My pc connects to my phone. But on the phone, I dont have to enter a PIN. When I try to use rfcomm[01] as dialout, the connection aborts. Anyone an idea what might cause this?

Thanks, Watson ^^

----------

## thesnowman

Could be that the phone thinks it's already paired but your link keys don't match.  Check the devices the phone is paired with and remove your PC from the list if it's there.

Also check /var/lib/bluetooth/bdaddr/linkkeys to see if your PC thinks it's already paired with your phone.  You can remove the pairing by stopping the bluetooth service, editing that file and removing the reference to your phone, then starting the bluetooth service again.

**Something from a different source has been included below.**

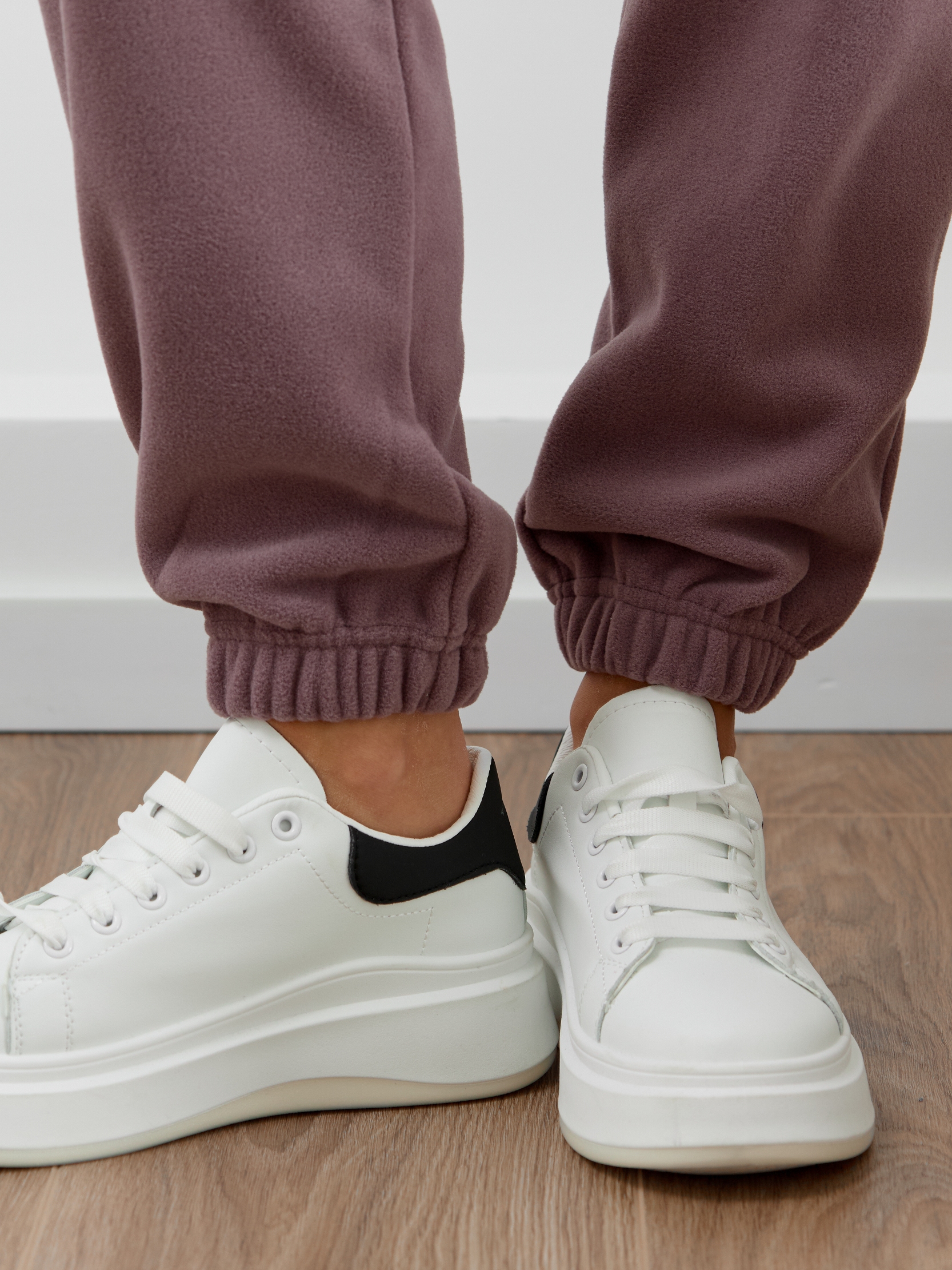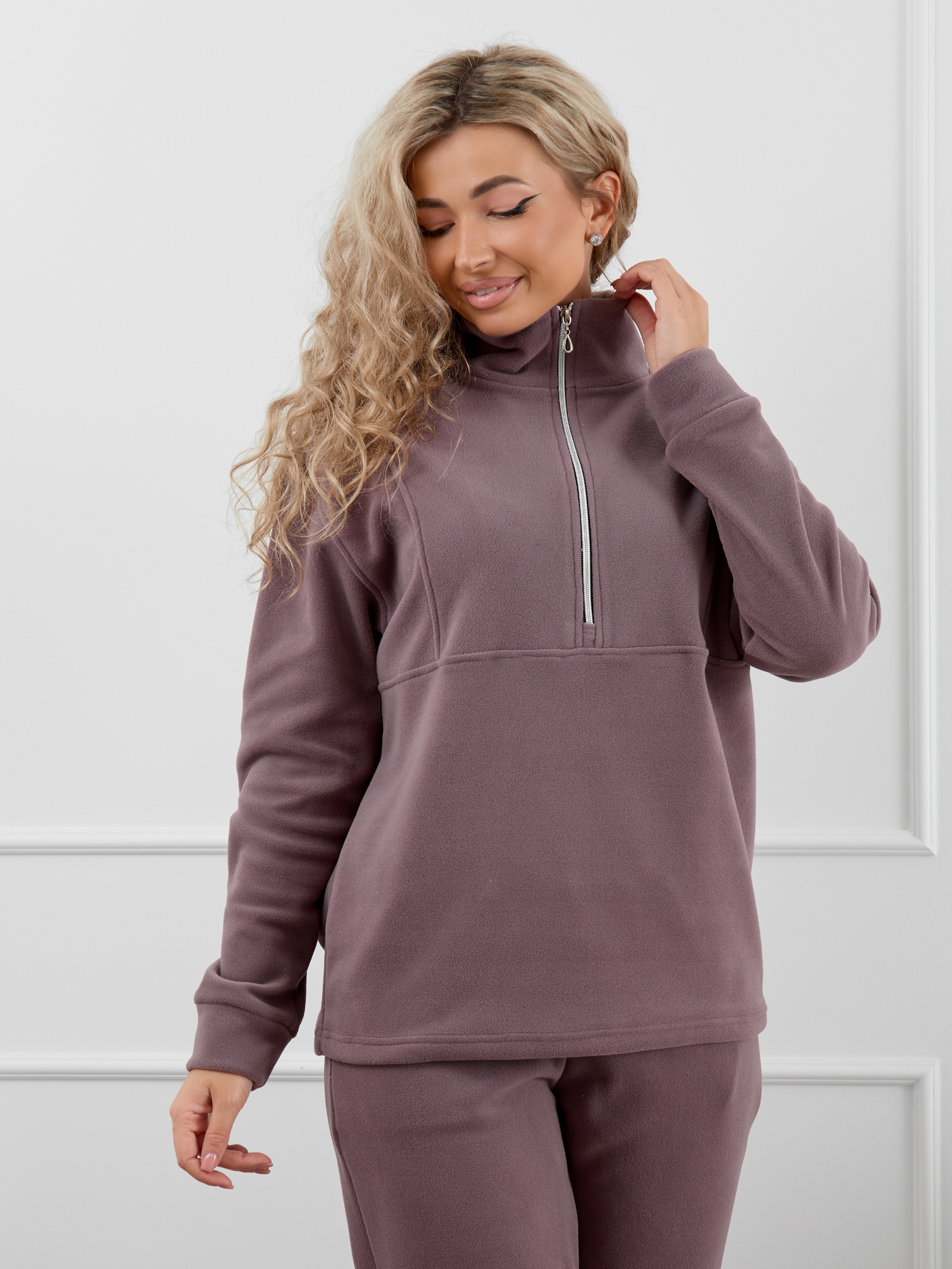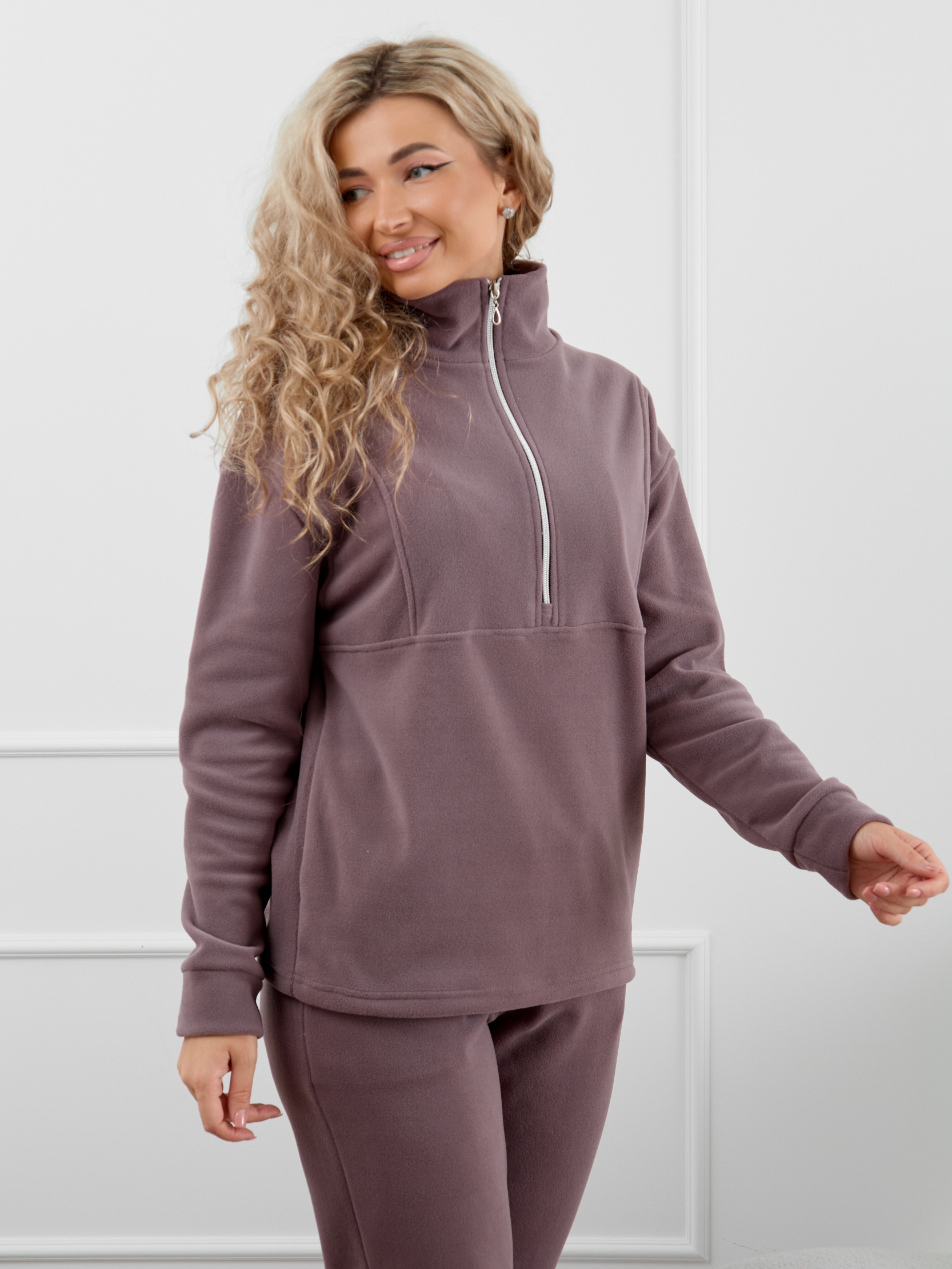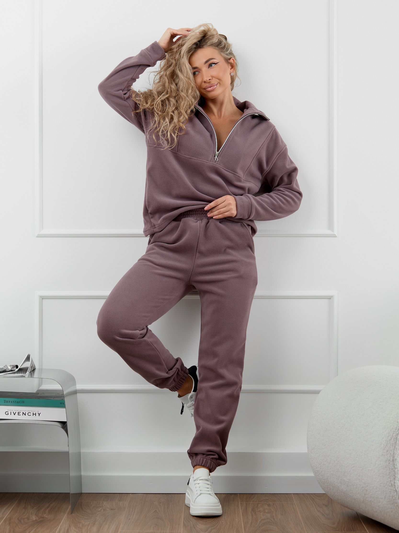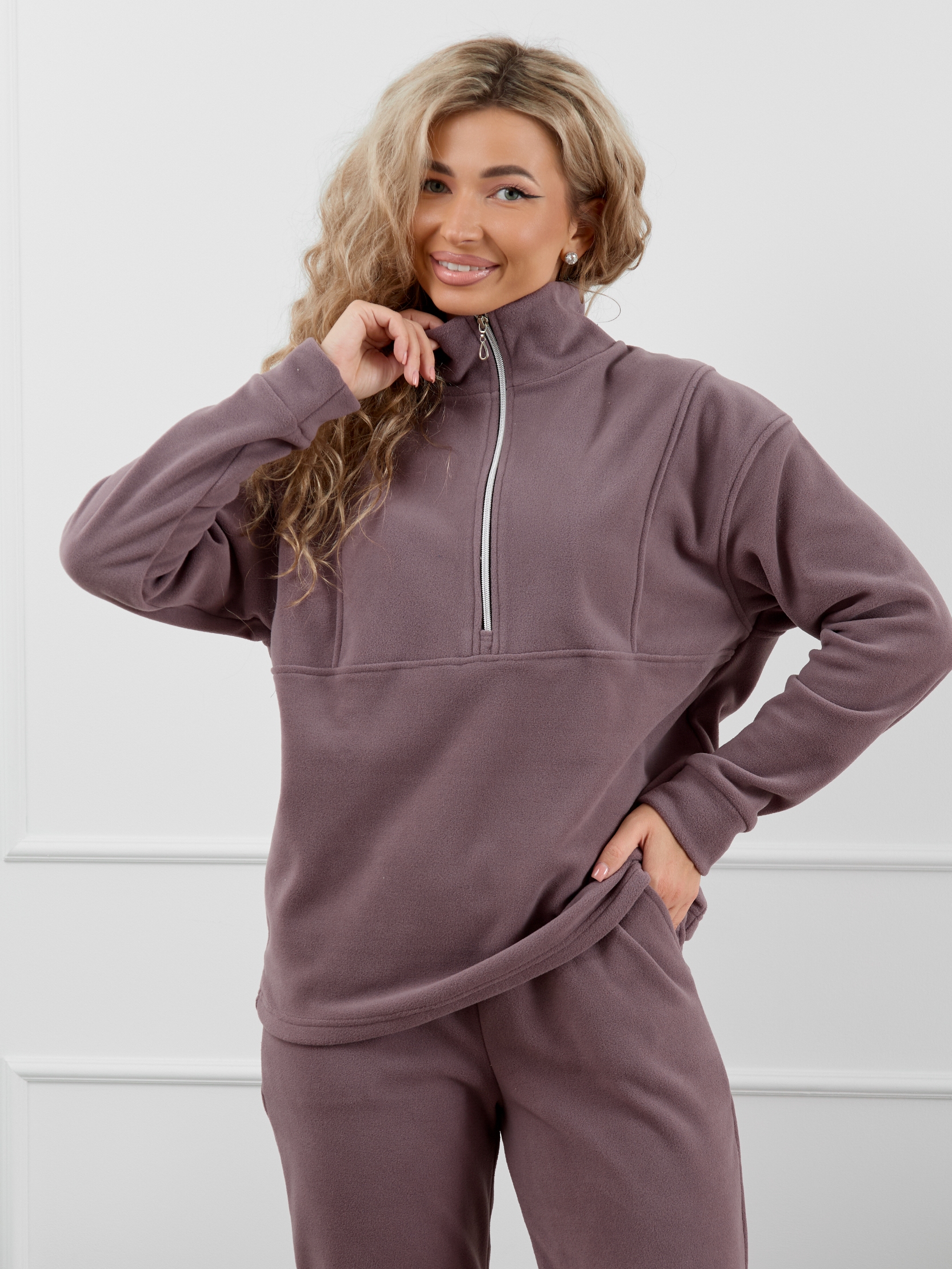 Женский флисовый костюм состоит из толстовки с воротником-стойкой на молнии и брюк джоггеров. Костюм сидит свободно и не сковывает движения, что делает его идеальным вариантом для активного образа жизни.

Also, show us what your log files look like when you are attempting the auth.

----------

## Watson

When I try to connect to /dev/modem, it tells be that this modem cant be opened. I tried to disconnect completely and removed the linkkeys, but it still does not work.

Can someone tell me where the bluetooth logs are? And is there an order in connecting I have to whatch out? Does it matter wheather I connect from the PC or let the phone search for bluetooth devices and enable paring there?

Hope someone can help me. Thanks, Watson

----------

## Watson

this time I tried another thing: I deleted the devices on pc and handy and restarted /etc/init.d/bluetooth. Now I entered:

 *Quote:*   

> localhost bluetooth # hcitool cc 00:15:D3:02:51:2A
> 
> localhost bluetooth # hcitool auth 00:15:D3:02:51:2A
> 
> HCI authentication request failed: Input/output error

 

I googled for the error but I didn't find very much. Does someone has any idea what this might mean?

----------

## thesnowman

I think you need to open a new thread instead of hijacking this one.  Particularly as the thread title says [SOLVED].

----------